Military Wiki
Shantou-class gunboat
Class overview
Operators:  People's Liberation Army Navy
General characteristics
Type: Gunboat
Displacement: 77.4 tonnes (76.2 long tons; 85.3 short tons)
Length: 25.21 m (82 ft 9 in)[1]
Beam: 6.06 m (19 ft 11 in)
Draft: 1.8 m (5 ft 11 in)
Propulsion: 2 × 3D12 diesel engines, 300 hp (224 kW)
2 × M50 diesel engines, 1,200 hp (895 kW)
4 × FANG shafts
Speed: 22.4 knots (41.5 km/h; 25.8 mph)
Range: 770 mi (1,240 km) at 11.4 knots (21.1 km/h; 13.1 mph)
Complement: 17
Sensors and
processing systems:
1 × navigational or surface search radar
Armament: • 4 × 37 mm (1.5 in) guns (2×2)
• 2 × 14.5 mm (0.57 in) heavy machine guns
• 2 × depth charge rails

The Shantou-class gunboat, was a Chinese built gunboat of the People's Republic of China's People's Liberation Army Navy. Known in the United States as the "Swatow"[1] class gunboat; it was based on the Soviet P-6 class torpedo boat.

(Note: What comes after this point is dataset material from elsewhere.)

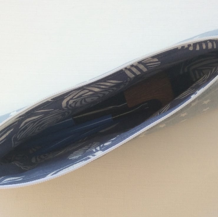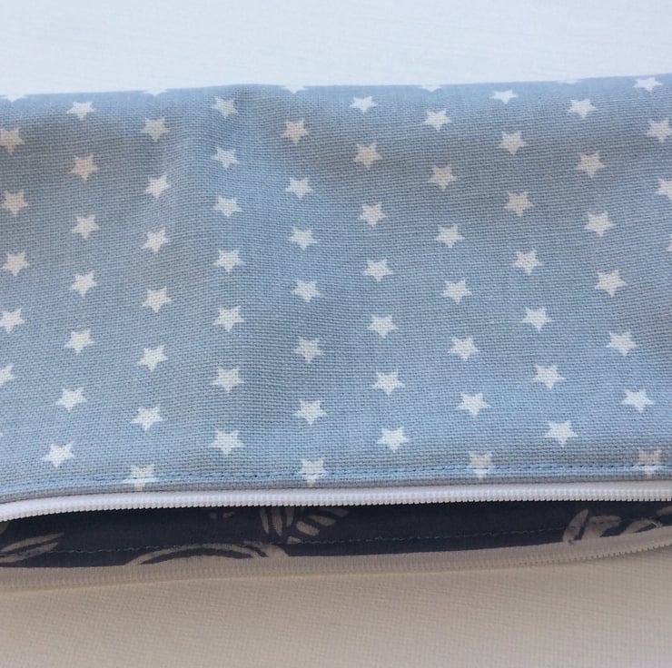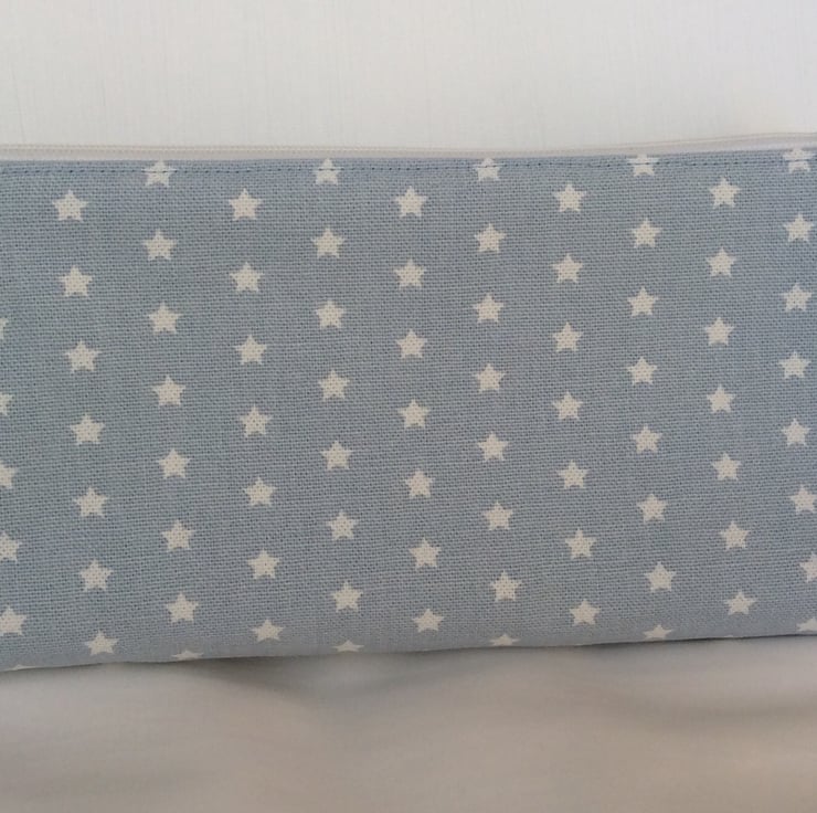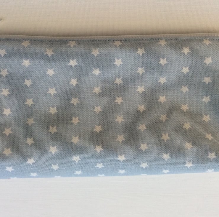 This multi functional zipped bag would be perfect for make up and is large enough for toiletries. It is made from a cotton fabric, with white five pointed stars on a baby blue background. It has a white zip. The lining is cotton, blue with a white floral pattern. The bag measures approximately 22cm x 10cm x 5cm at the base. The bag is squared off at the corners so that it will stand up.

The boat is designated as Type 55A (55 Jia Xing, 55甲型). Instead of being wooden hulled, and consisting of torpedoes as the main armament, the Shantou class is steel-hulled, with guns as the main armament. The Shantou (or Swatow) is the predecessor of the Type 062 class gunboat, or more commonly known as the Shanghai-I & II class.

Service history

Entering service from 1955 through 1960, these vessels were completely removed from naval service by the mid-1990s, and were transferred to civilian law enforcement agencies. However, just like the Beihai, Huangpu, and Yulin class gunboats which had been transferred to law enforcement agencies, these obsolete and aging boats were not satisfactory in their new civilian roles, due largely to their low maximum speed (10 knots), which was not sufficient enough to catch the smugglers' high speed motorboats. As a result, these boats were subsequently transferred again, this time to the reserves; or subordinated to naval militias in various Military Maritime Districts in China as training boats, or harbor patrol boats. Like the aforementioned gunboats before it, the Swatow class, arriving for its new role(s) will likewise see increased conversions, some mothballing, and then eventually being scrapped.

Again, as with previous units (vessels), many of the surviving boats are being converted to naval auxiliaries, such as firing (gunnery) range support craft, target control boat (remote controlling of target drones), as well as being target drones themselves.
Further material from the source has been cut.